The histogram of the residuals shows the distribution of the residuals for all observations.
Pattern | What the pattern may indicate |
---|---|
A long tail in one direction | Skewness |
A bar that is far away from the other bars | An outlier |
Because the appearance of a histogram depends on the number of intervals used to group the data, don't use a histogram to assess the normality of the residuals. Instead, use a normal probability plot.
A histogram is most effective when you have approximately 20 or more data points. If the sample is too small, then each bar on the histogram does not contain enough data points to reliably show skewness or outliers.
The normal probability plot of the residuals displays the residuals versus their expected values when the distribution is normal.
If the batch factor is random, use the conditional residuals to evaluate normality.
Use the normal probability plot of the residuals to verify the assumption that the residuals are normally distributed. The normal probability plot of the residuals should approximately follow a straight line.
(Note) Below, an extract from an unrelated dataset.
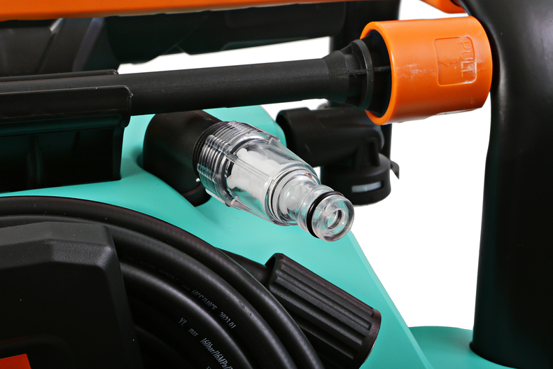 Трёх-плунжерная самовсасывающая помпа из легкого алюминиевого сплава обеспечивает давление необходимое для удаления стойких загрязнений ипозволяет использовать различные источники водоснабжения, в том числе и без источника давления.

S-curve implies a distribution with long tails.
Inverted S-curve implies a distribution with short tails.
Downward curve implies a right-skewed distribution.
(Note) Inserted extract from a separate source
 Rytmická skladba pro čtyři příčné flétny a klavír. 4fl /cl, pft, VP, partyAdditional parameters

A few points lying away from the line implies a distribution with outliers.
If you see a nonnormal pattern, use the other residual plots to check for other problems with the model, such as non-constant variance or a time order effect. If the residuals do not follow a normal distribution and the data have fewer than 15 observations, then confidence intervals for predictions, confidence intervals for coefficients, and p-values for coefficients can be inaccurate.
One of the points is much larger than all of the other points. Therefore, the point is an outlier. If there are too many outliers, the model may not be acceptable. You should try to identify the cause of any outlier. Correct any data entry or measurement errors. Consider removing data values that are associated with abnormal, one-time events (special causes). Then, repeat the analysis.
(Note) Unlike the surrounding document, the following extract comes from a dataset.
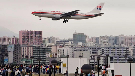 雖然啟德機場曾經(jīng)是世界上最繁華的機場之一,但也是全球飛行員所公認的、起降難度最高的機場之一。香港在八十年代迎來了高速發(fā)展的黃金時期,拔地而起的高層建筑構成了密密麻麻的鋼筋水泥森林,并且一直延伸到啟德機場的跑道附近。而在飛機旅客的視角來看,在飛機飛入啟德機場時,旅客幾乎要與屋頂?shù)碾娋、晾衣繩來個親密接觸,舷窗外便是清晰可見的樓房、行人和車輛。假如運氣夠好,你甚至能夠透過樓房的窗戶,觀看到香港居民樓內(nèi)電視正在播放的內(nèi)容!這座繁華與危險并存的機場,也在國內(nèi)航空史上留下了濃墨重彩的一筆。
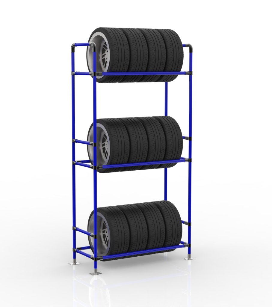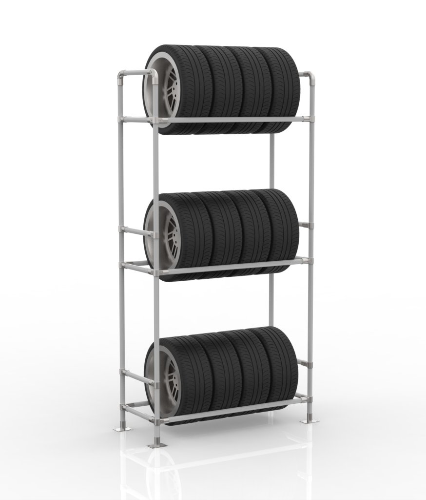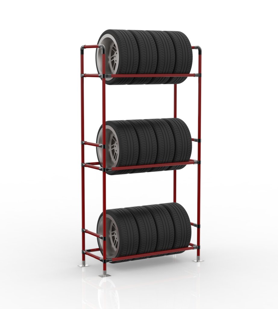 Mobile tire rack made from a tubular modular system with one shelf and two tiers. Ideal for tires measuring 16" to 20". The rack includes two tiers for tire storage, one shelf with a 10 mm thick Akyboard, a handle on each side for easier handling, two wheels with brakes, and two wheels without brakes, each with a diameter of 100 mm. Tires are not included. Load capacity of the shelf is 100 kg, total load capacity is 200 kg. Dimensions: 1500 x 1068 x 600 mm.

The variance of the residuals increases with the fitted values. Notice that, as the value of the fits increases, the scatter among the residuals widens. This pattern indicates that the variances of the residuals are unequal (nonconstant).
If you identify any patterns or outliers in your residual versus fits plot, consider the following solutions:
Issue | Possible solution |
---|---|
Nonconstant variance | Consider using a Box-Cox transformation. For more information, go to Perform Box-Cox transformation for Stability Study. |
An outlier or influential point |
|
The residuals versus order plot displays the residuals in the order that the data were collected.
The residual versus variables plot displays the residuals versus another variable. The variable could already be included in your model. Or, the variable may not be in the model, but you suspect it affects the response.
If you see a non-random pattern in the residuals, it indicates that the variable affects the response in a systematic way. Consider including this variable in an analysis.